Source data →
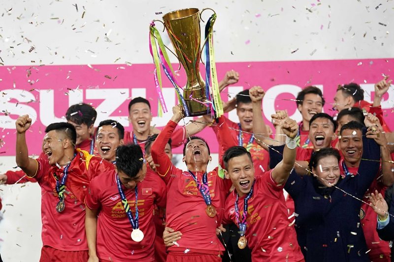 Quế Ngọc Hải và đồng đội ăn mừng chiến thắng AFF Cup 2018
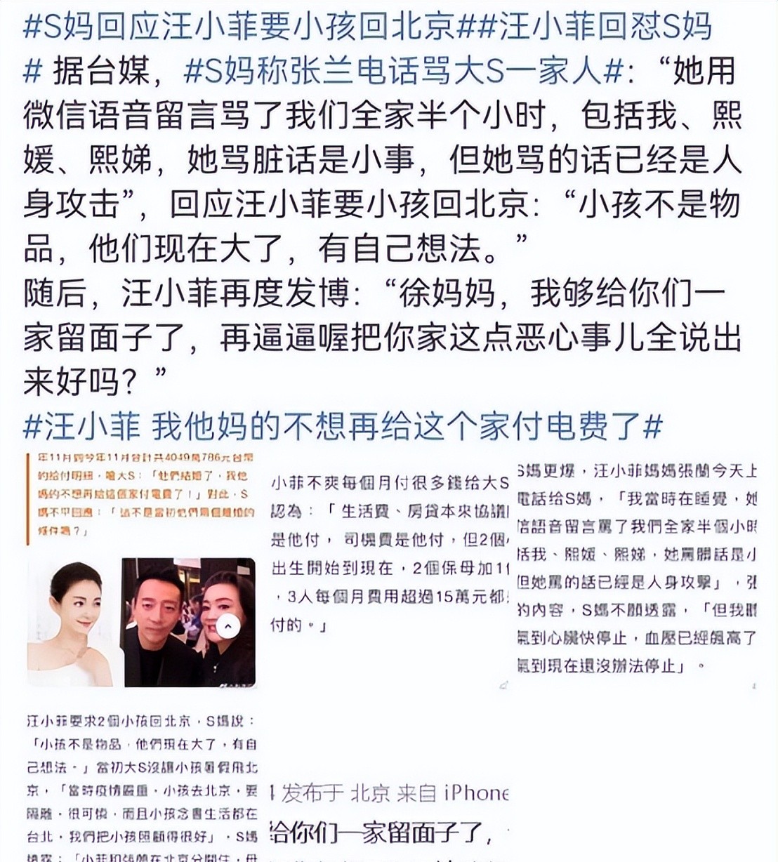 要说这大S,曾经可是偶像剧女王,风光无限,妥妥的人生赢家。可谁承想,这画风一转,离婚大战,撕得那叫一个热火朝天,各种爆料满天飞,简直是大型真人秀现场。她和汪小菲,一个说另一个婚内出轨,另一个说她跟现任早就好上了……总之,各种“猛料”层出不穷,吃瓜群众看得那是目瞪口呆,比看悬疑剧还刺激!这期间,网络上各种站队,吵得不可开交,仿佛整个世界都卷进了这场纠纷。
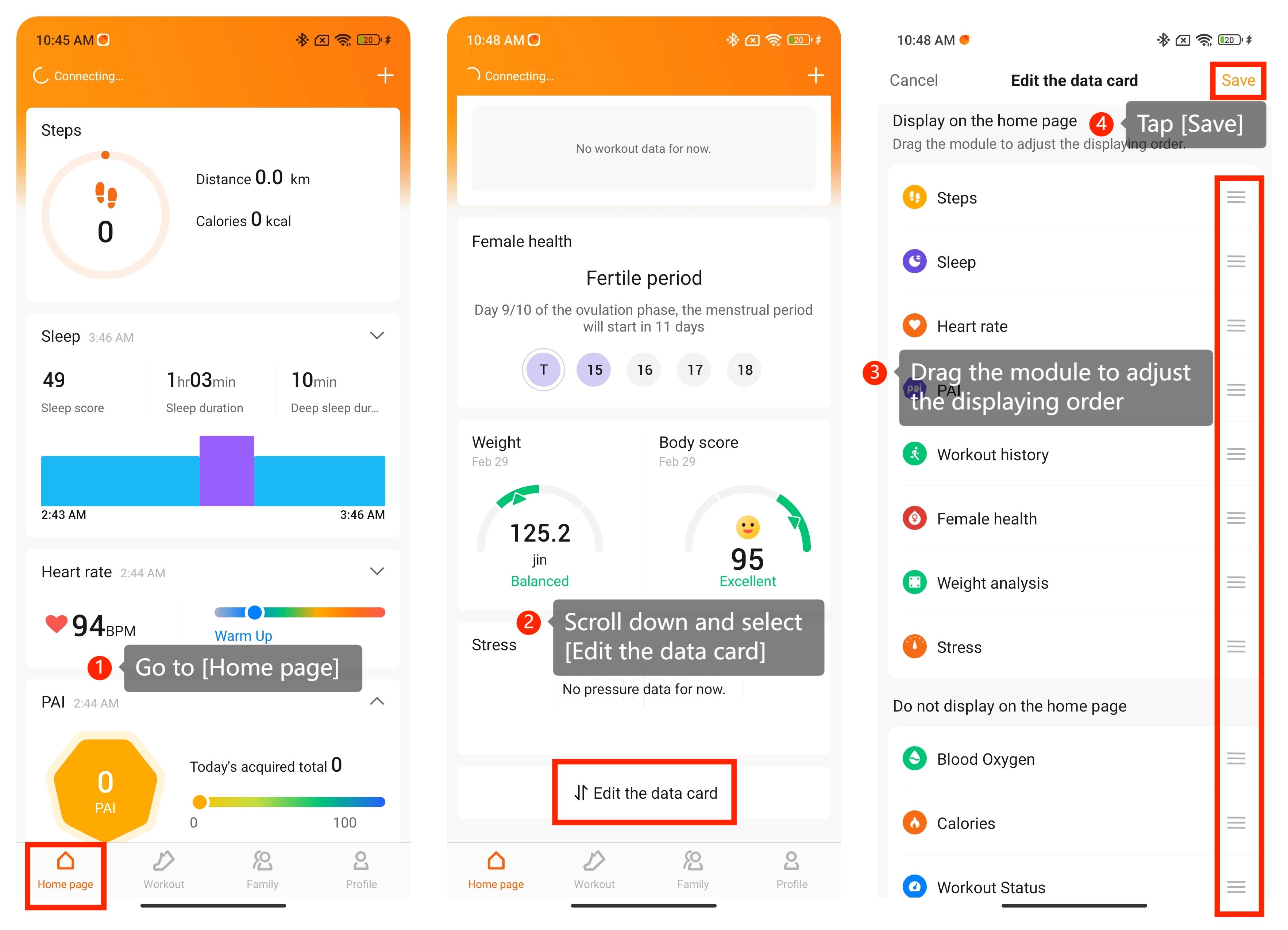 The Mi Smart Band 5 comes with the built-in feature of editing the data card on the Zepp Life App’s Home page to give you quick access to check your preferred features and meet your personalized requirements. To edit the data card in the Zepp Life App of your Mi Smart Band, please refer to the following steps: 1. Open the Zepp Life App and go to [Home page]; 2. Scroll down and select [Edit the data card]; 3. Drag the module to adjust the displaying order. You can use this feature to adjust the order of the displayed data card, hide your displayed data card, and add the hidden data card to the Home page; 4. Tap [Save] to save your changes.
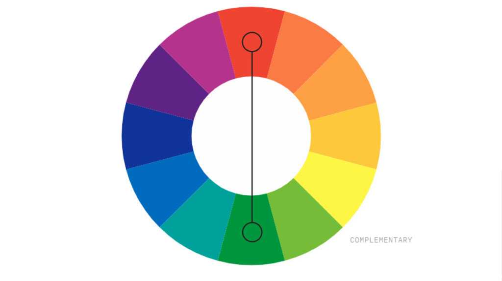 Комплементарные цвета — это цвета, противоположные друг другу на цветовом круге. Это самая сильная и эффектная цветовая схема, потому что она наиболее контрастная. Она хорошо запоминается.
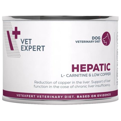 VetExpert VD 4T Hepatic Dog konzerva je kompletní dietní krmivo pro psy, které podporuje funkci jater při chronické jaterní nedostatečnosti. Receptura obsahuje snadno stravitelný kuřecí protein a ingredience s nízkým obsahem mědi, které snižují její akumulaci v organismu. Díky obsahu prebiotik FOS a MOS přispívá k rovnováze střevní mikroflóry a zároveň stimuluje obranyschopnost. DL-methionin podporuje funkci jaterních buněk. Hlavní benefity:
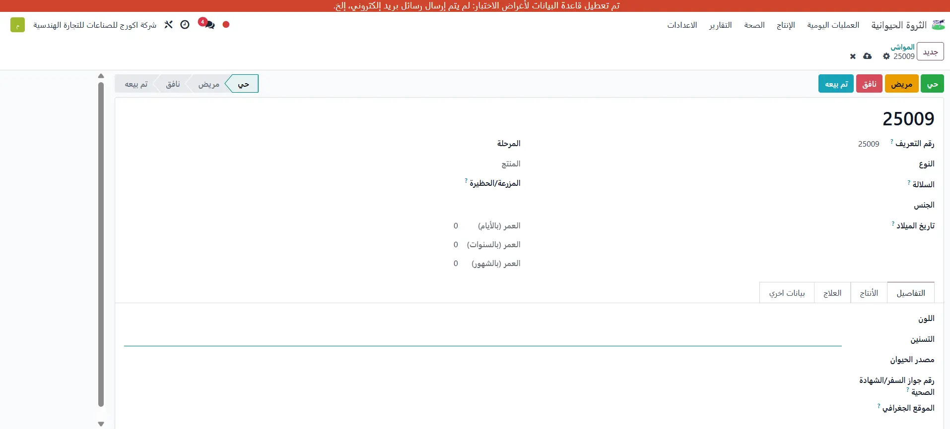 تحكم كامل في إدارة المزارع والحيوانات من التسجيل وحتى الإنتاج والمبيعات. يشمل تتبع الحالة الصحية، الرعاية البيطرية، الولادات، الإنتاج، وضبط الجودة، مع دعم كامل للتقارير والتنبيهات.

Your instructions → Without any of its images, the data above should be returned exactly.

Task response →
 Quế Ngọc Hải và đồng đội ăn mừng chiến thắng AFF Cup 2018
 要说这大S,曾经可是偶像剧女王,风光无限,妥妥的人生赢家。可谁承想,这画风一转,离婚大战,撕得那叫一个热火朝天,各种爆料满天飞,简直是大型真人秀现场。她和汪小菲,一个说另一个婚内出轨,另一个说她跟现任早就好上了……总之,各种“猛料”层出不穷,吃瓜群众看得那是目瞪口呆,比看悬疑剧还刺激!这期间,网络上各种站队,吵得不可开交,仿佛整个世界都卷进了这场纠纷。
 The Mi Smart Band 5 comes with the built-in feature of editing the data card on the Zepp Life App’s Home page to give you quick access to check your preferred features and meet your personalized requirements. To edit the data card in the Zepp Life App of your Mi Smart Band, please refer to the following steps: 1. Open the Zepp Life App and go to [Home page]; 2. Scroll down and select [Edit the data card]; 3. Drag the module to adjust the displaying order. You can use this feature to adjust the order of the displayed data card, hide your displayed data card, and add the hidden data card to the Home page; 4. Tap [Save] to save your changes.
 Комплементарные цвета — это цвета, противоположные друг другу на цветовом круге. Это самая сильная и эффектная цветовая схема, потому что она наиболее контрастная. Она хорошо запоминается.
 VetExpert VD 4T Hepatic Dog konzerva je kompletní dietní krmivo pro psy, které podporuje funkci jater při chronické jaterní nedostatečnosti. Receptura obsahuje snadno stravitelný kuřecí protein a ingredience s nízkým obsahem mědi, které snižují její akumulaci v organismu. Díky obsahu prebiotik FOS a MOS přispívá k rovnováze střevní mikroflóry a zároveň stimuluje obranyschopnost. DL-methionin podporuje funkci jaterních buněk. Hlavní benefity:
 تحكم كامل في إدارة المزارع والحيوانات من التسجيل وحتى الإنتاج والمبيعات. يشمل تتبع الحالة الصحية، الرعاية البيطرية، الولادات، الإنتاج، وضبط الجودة، مع دعم كامل للتقارير والتنبيهات.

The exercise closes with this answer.